Kosi Beach is a great place to spend the day. We took a picnic, set it up under a palm tree next to one of the channels and relaxed in the shade. The channels are transparent and warm, lovely for wallowing in while the tide is low. The beach itself is an iSimangaliso classic: kilometres of vegetated sand dunes and transparent breakers as far as the eye can see. If you have a lot of time and are feeling energetic you can walk up the coast to Mozambique via the beach. Swimming in the sea is very much at your own risk as Kosi is apparently a favourite haunt of Zambezi sharks.


Kosi Bay activity planner

Sustainable activities at Kosi Bay

There is luxury, self-catering and camping accommodation available in Kosi Bay. Provided that you have a 4×4, walking trails, snorkelling at the mouth and visits to Kosi Beach can be done in your own capacity. Kayaking is offered by Kosi Forest Lodge and Amangwane.

Luxury accommodation and activities

We stayed at the lovely Kosi Forest Lodge. Kosi Forest Lodge is an isibindi Africa property that works with the local community, providing jobs and training in the hospitality industry. The lodge offers guided walks, kayaking on the Siyadla River, snorkelling at Kosi Mouth and turtle tours in season. Walking and kayaking are included with the basic accommodation package. Further activities are available at an additional cost.

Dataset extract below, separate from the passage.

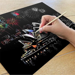 ✔️ Includes a Bamboo Scratch Pen – Perfect for revealing fine architectural lines and shimmering skyline reflections.
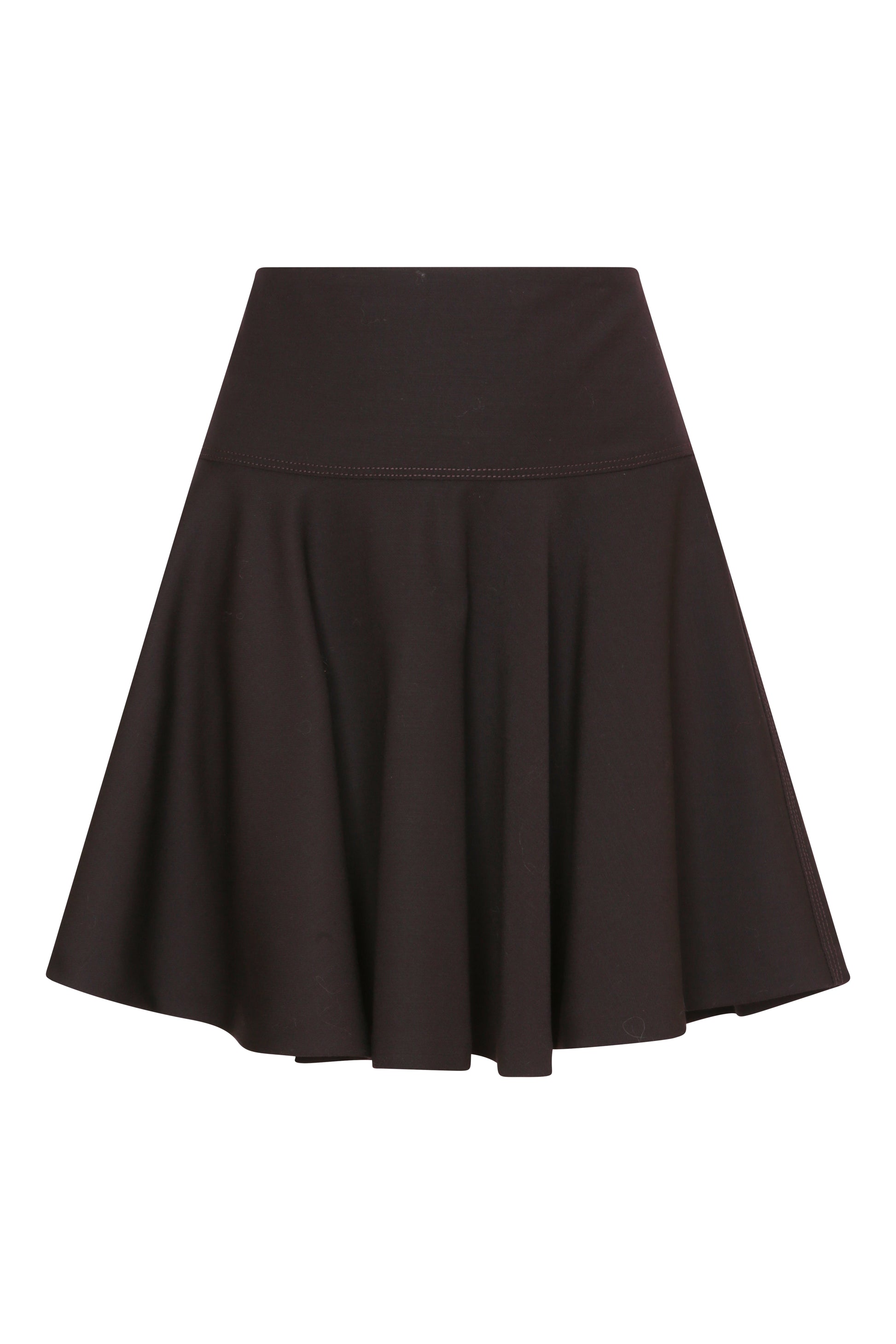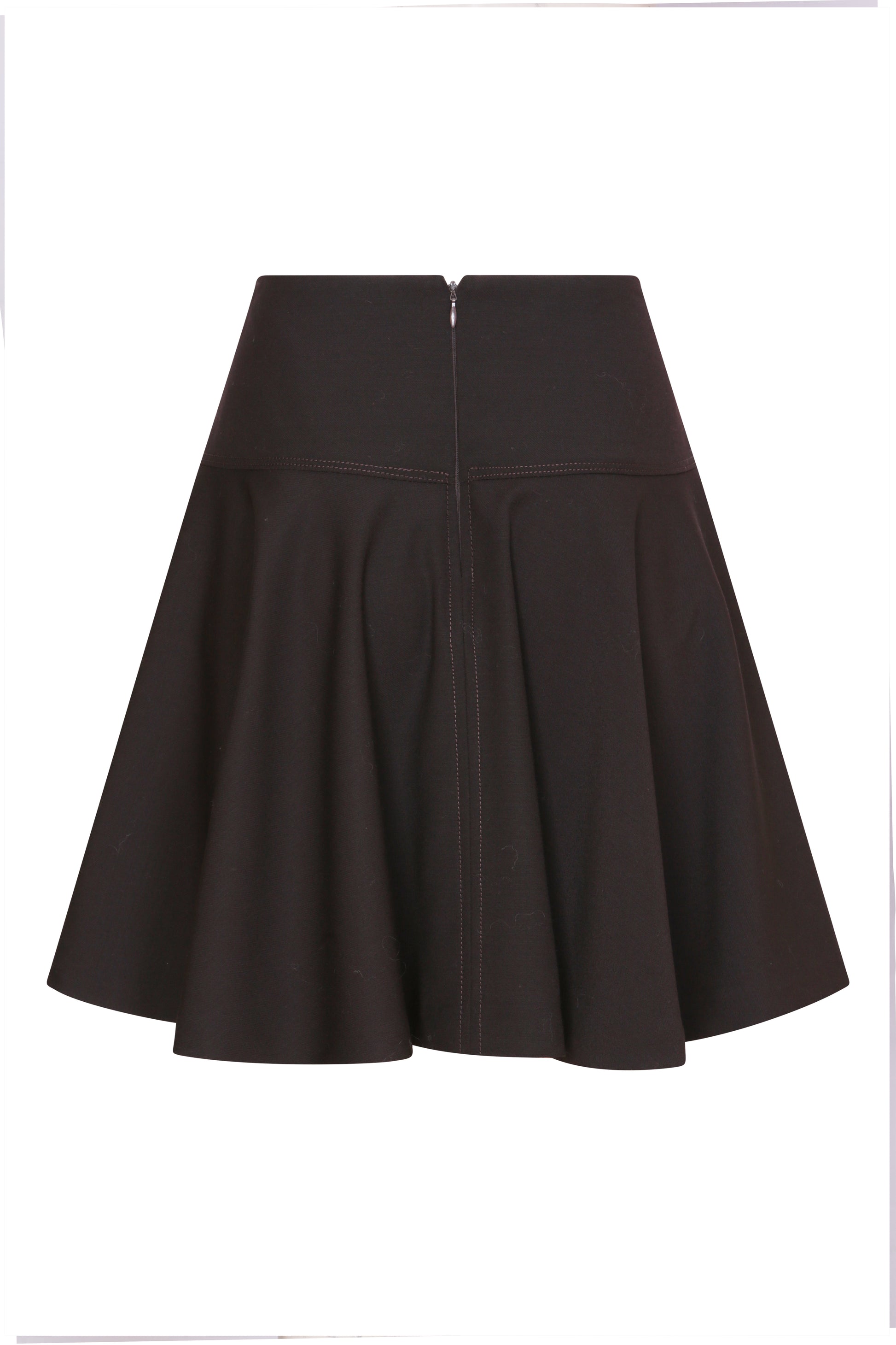The flattering wide panel waist is fastened by a seamless side zip and the skirt flares in to an appealing full circle skirt. The skirt's length may be lengthened or shortened, as you wish.

Self-catering accommodation and activities

Amangwane is a joint community development venture with rustic reed chalet accommodation, and is one of our top 15 eco-hotels in South Africa. A catered option is available. Activities include kayaking, snorkelling, fish trap visits and turtle tours.

Ezemvelo Wildlife has a campsite and three self-catering chalets located on Lake Nhlange, the biggest lake in the system. Guests are free to choose their own activities given that they abide by Ezemvelo’s regulations.

A note on toilet facilities: on my last visit the toilet facilities at Kosi Mouth were in dire condition. Do your best not to use them.

Ideas for responsible travel at Kosi Bay

  • Use biodegradable sunscreens, deodorants and body products.
  • Reuse your water bottle rather than buying new bottled water and recycle the bottle when you get home.
  • Choose non-motorised activities as far as possible.
  • Book accommodation at a property that works with the local community in a meaningful way and is involved in conservation efforts.
  • Talk to your hosts about the carbon footprint of their lodge/chalets/campsite. Conscious travellers catalyse conscious service providers.
  • As always, don’t feed the monkeys. Take your left-overs and rubbish home with you.

Have you been to Kosi Bay? What responsible travel activities would you recommend?